Her contract is due to end this year and she is waiting to see whether it is renewed: aged 60, she “wants to go on for a bit longer”. It will be interesting to see whether the Government shares that ambition.
Ms Owers is no stranger to the hard end of crime. She said that she felt safer walking around inside a jail than she did walking to her local Tube station, and when you hear where she lives, you can understand why: it is a particularly brutal and soulless part of South London. She has been burgled; her children, growing up there, were mugged. Yet when she chats with the prisoners in their cramped cells she feels only frustration.
“What I’m not saying is that we should look at those people and say, ‘Oh, poor things’. I want us to be tough with people who go into prison. But, by tough, I don’t mean that I want to see young men who have committed offences lying on their beds for 23 hours.”

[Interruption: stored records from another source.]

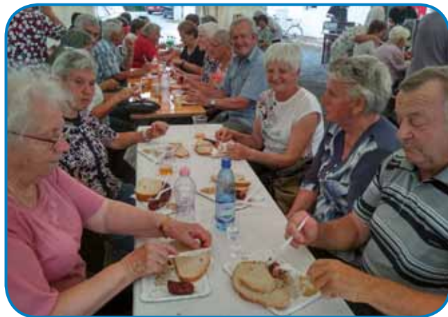
Po občnem zboru so vsakšomi pasale klobase na žaru

štimale. Vsigdar smo se taužili, ka člani neščejo plesati. Hvala Baugi, mamu mlade člane, steri trno radi plešejo. Dapa
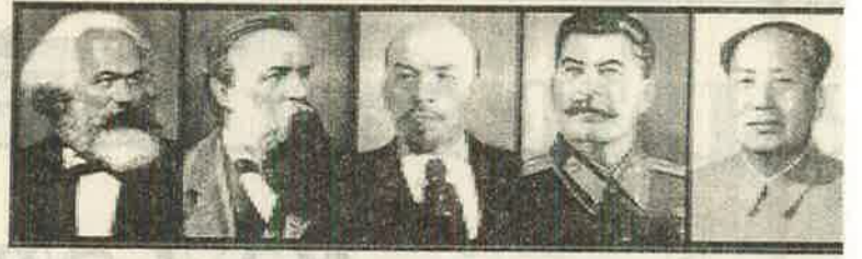
மாக்ஸியத்தின் போதாமையின் பற்றி

அண்மையில் கிழக்கு மாகாணத்தின் மூதூரில் ஆரம்பித்து அம்பாறை வரை மோசமாக விசிய இன வன்முறைச் சூறாவளி மீண்டும் ஒருமுறை தமிழ் முஸ்லீம் உறவில் மிளவை உண்டாக்கியிருக்கிறது. உயிர் குடிப்பும், ரத்தம் சிந்தலும், கடைகள் வீடுகள் எரிப்பும், உடமைகள் அழிப்பும் இரு பக்கத்திலும் இடம்பெற்றிருக்கின்றன. இவை திட்டமிடப்பட்டவையா? அல்லது தற்செயலானவையா? அறுதியிட்டுக் கூற முடியாதவிடமும் நிச்சயம் இந்த தமிழ் முஸ்லீம் இன வன்முறைச் சூறாவளிக்குப் பின்னால் மறைமுகங்களும் கரங்களும் இருந்துள்ளன என்பது மட்டும் உண்மை. காலாகாலத்தில் அவற்றின் உண்மை வெளிவரவே செய்யும்.
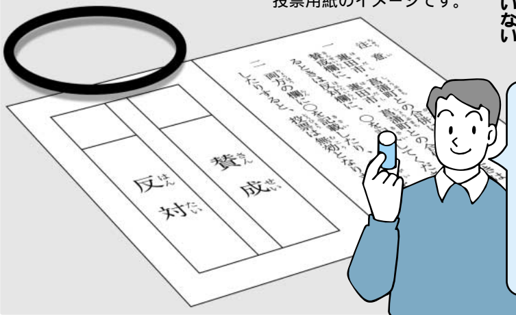
投票用紙のイメージです。

白岡町が、蓮田市、菖蒲町と合併することについて、「賛成」「反対」のいずれの欄に「○」を記載してください。「○」の印を押すスタンプは、投票所に用意してあります。「×」印など記載したものなどは無効となりますので、ご注意ください。
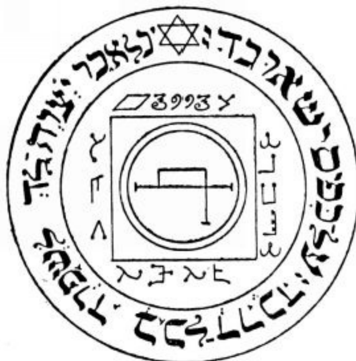
PANTÁCULO ⊕ D ⊕ S ⊕ L

Outro pantáculo indicado para entrar em sintonia com os espíritos do Sol, mas com um detalhe. Este pantáculo ajuda a desenvolver a levitação. Pode consagrá-lo da mesma forma que o pantáculo de Metatron e trazê-lo junto consigo num saquinho dourado. Cole o pantáculo num papel duro e num papel laminado dourado no verso com o seu nome (tanto o nome verdadeiro quanto mágico).
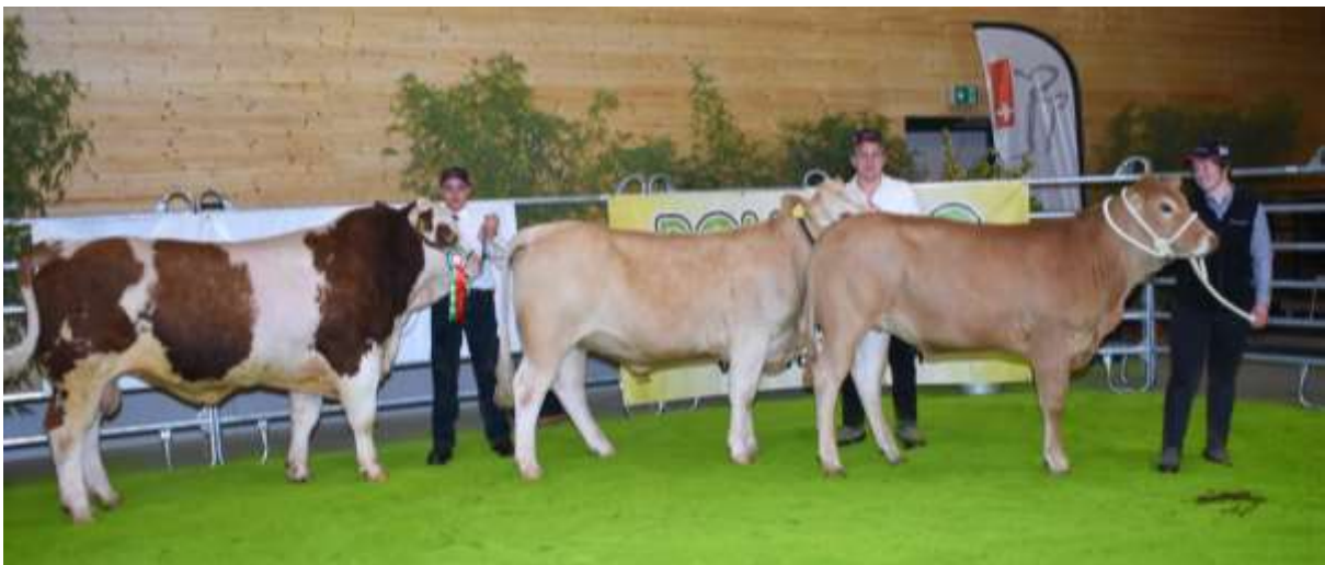
Siegerbild Kategorie III (1999 -2002)

She wants them challenged, educated, forced to take responsibility. You could say the same of ministers. But she didn’t quite say that.

Anne Owers
Born June 23, 1947
Education Washington Grammar School, Co Durham; Girton College,
Cambridge (History)
Career teacher and researcher, Zambia 1968-71; general secretary of
Joint Council for the Welfare of Immigrants, 1981-92; director of Justice,
human rights lobby group, 1999-2001; first female Chief Inspector of
Prisons, 2001 to present. CBE, 2001.
Family Two sons and one daughter, divorced and remarried in 2005.